Comparison of cytokine changes in three different lipoprotein apheresis systems in an ex vivo whole blood model
AuthorHardersen, Randolf Inge; Enebakk, Terje; Christiansen, Dorte; Ludviksen, Judith K; Mollnes, Tom Eirik; Lappegård, Knut Tore; Hovland, Anders
Methods - We evaluated how whole blood adsorption, dextran sulfate plasma adsorption, and double filtration plasmapheresis lipoprotein apheresis systems affected cytokine concentrations, using a human whole blood ex vivo model differentiating the effect of the lipoprotein apheresis and plasma separation columns and describing temporal changes.

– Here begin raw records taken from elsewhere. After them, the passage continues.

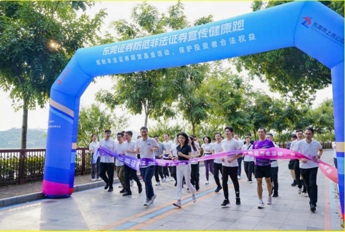 近日,东莞证券联合东莞市上市公司协会在东莞水濂湖公园正式启动“跑遍中国·2024年中国证券业防范非法证券宣传健康跑·东莞证券”活动。截至目前,东莞证券已经连续举办两届防范非法证券宣传健康跑公益宣传活动。该活动有效增强投资者风险防范意识和自我保护能力,对保护投资者合法权益、塑造健康的行业文化、优化资本市场发展环境和行业发展生态起到了积极作用,帮助投资者远离非法证券活动,为投资者保驾护航。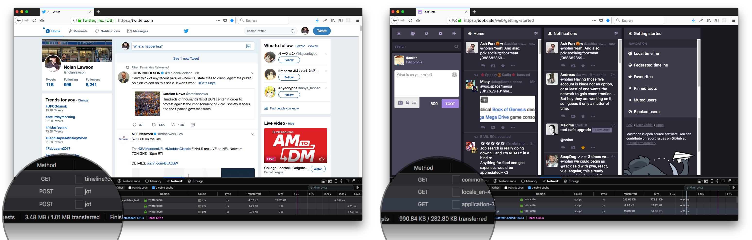 Screenshots of Twitter vs Mastodon, showing Twitter loading 3.48MB of JS vs 990.84KB on Mastodon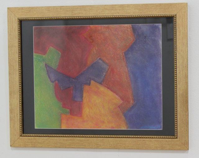 Print, possibly pastel. Signed lower right. Not taken out of frame. Approx. 15 1/2" H x 19 1/2" W sight, 21 1/2" H x 27 1/2" W framed. No guarantee of authenticity or provenance.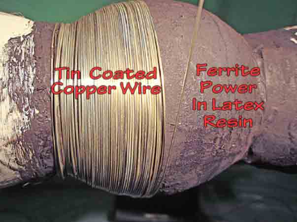 The layering of the pictured coil winds over a cement core. The ends of the core are old plastic jars, cut and taped. Multiple alternating layers of wire and ferrite (magnetic) coatings were lamented in place. The next picture shows the internal core before any layers were wound or coated.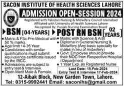 SACON Institute of Health Sciences admissions 2024 for BSN, Post RN BSN has been announced. SACON Institute of Health Sciences Lahore Punjab Pakistan welcomes students to apply for admissions in academic year 2024 in Medical Medical College. Students who want to enroll for academic session 2024 in BSN qualification and admission criteria for Private institute can apply till last date 15 February 2024. Read newspaper ad for exact details.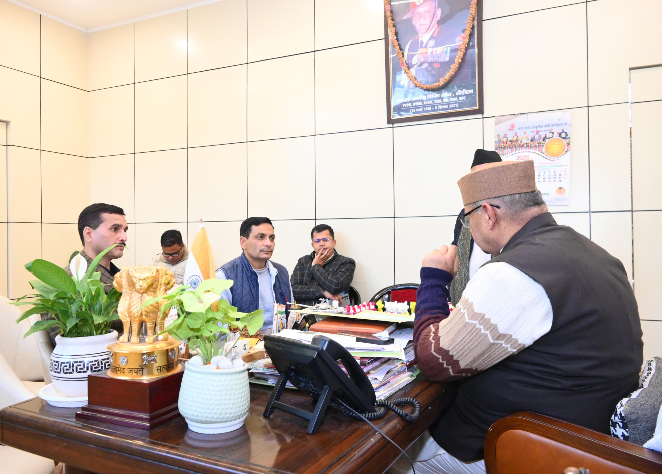 देहरादून स्थित कैम्प कार्यालय में रेशम विभाग की बैठक के दौरान कृषि एवं कृषक कल्याण मंत्री गणेश जोशी ने रेशम कृषि मेले की तैयारियों को अंतिम रुप दिया
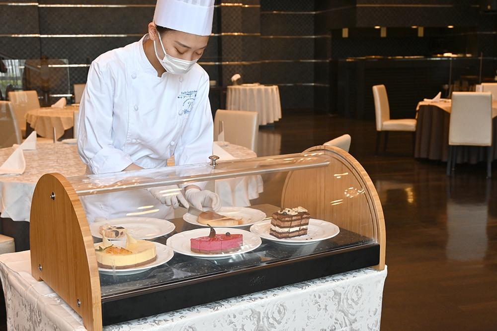食後のドルチェはワゴンサービスで。5種のケーキから3つが選べる。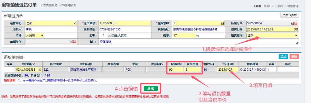 3.点击编辑进入页面后,按图操作:根据情况选择退货操作(退款、补货),填写退货数量、含税单价以及日期。点击编辑。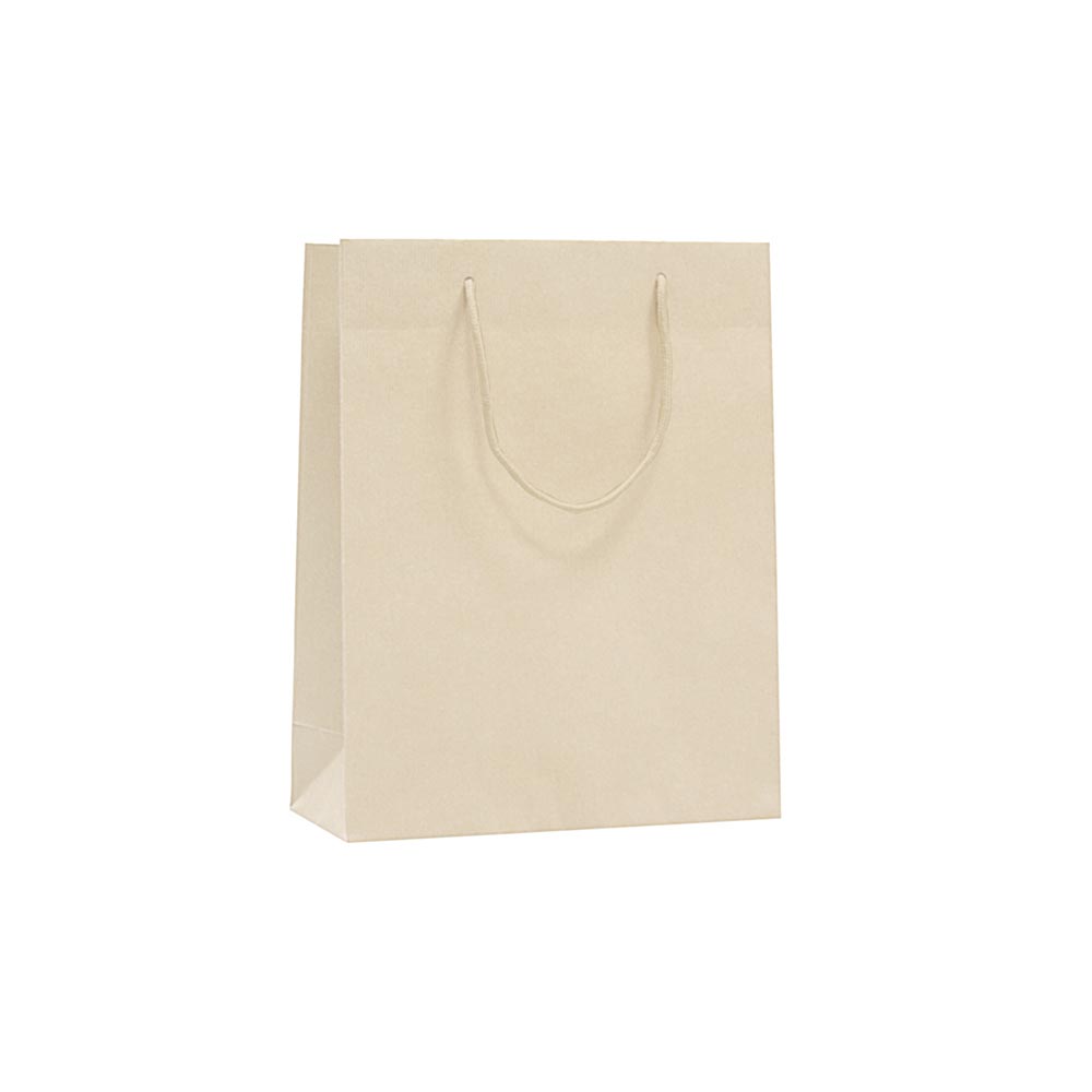 Crème bedrukte luxe papieren draagtas met omgeslagen bovenrand, gemaakt van 170 grams bruin gerecycled papier. De draagtas is voorzien van 2 crème kleurige katoenen koorden die zijn vastgeknoopt aan de binnenzijde van de draagtas. De binnenzijde van de tas is bruin.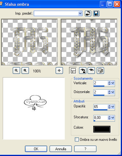 Effetti>Effetti 3D>Sfalsa ombra, colore nero:

Results - Compared to the control bag, the whole blood adsorption system reduced Interferon‐γ (IFN‐γ), IL‐8, IL‐1ra, eotaxin, tumor necrosis factor (TNF), monocyte chemoattractant protein 1 (MCP‐1), platelet derived growth factor (PDGF)‐BB, regulated on activation T cell expressed and secreted (RANTES), macrophage inflammatory protein‐1β (MIP‐1β), and IP‐10 (P < .05). The dextran sulfate plasma adsorption system reduced IFN‐γ, IL‐8, IL‐1ra, eotaxin, TNF, MCP‐1, PDGF‐BB, MIP‐1β, and IP‐10 (P < .05). Vascular endothelial growth factor (VEGF) and granulocyte macrophage colony stimulating factor (GM‐CSF) were increased in the whole blood and dextran sulfate plasma adsorption systems (P < .05). The double filtration plasmapheresis system reduced IFN‐γ, IL‐1ra, TNF, MIP‐1β, and IP‐10 (P < .05), while MCP‐1,VEGF, GM‐CSF, and RANTES were increased (P < .05). The plasma separation column increased concentration of RANTES, and was a barrier to reduction of eotaxin. Temporal patterns of concentration change indicated first pass increase of PDGF‐BB and first pass reduction of IP‐10.
Conclusion - There were marked differences in how the three systems affected total and temporal cytokine concentration changes in this in vitro model, as well as compared to former in vivo studies.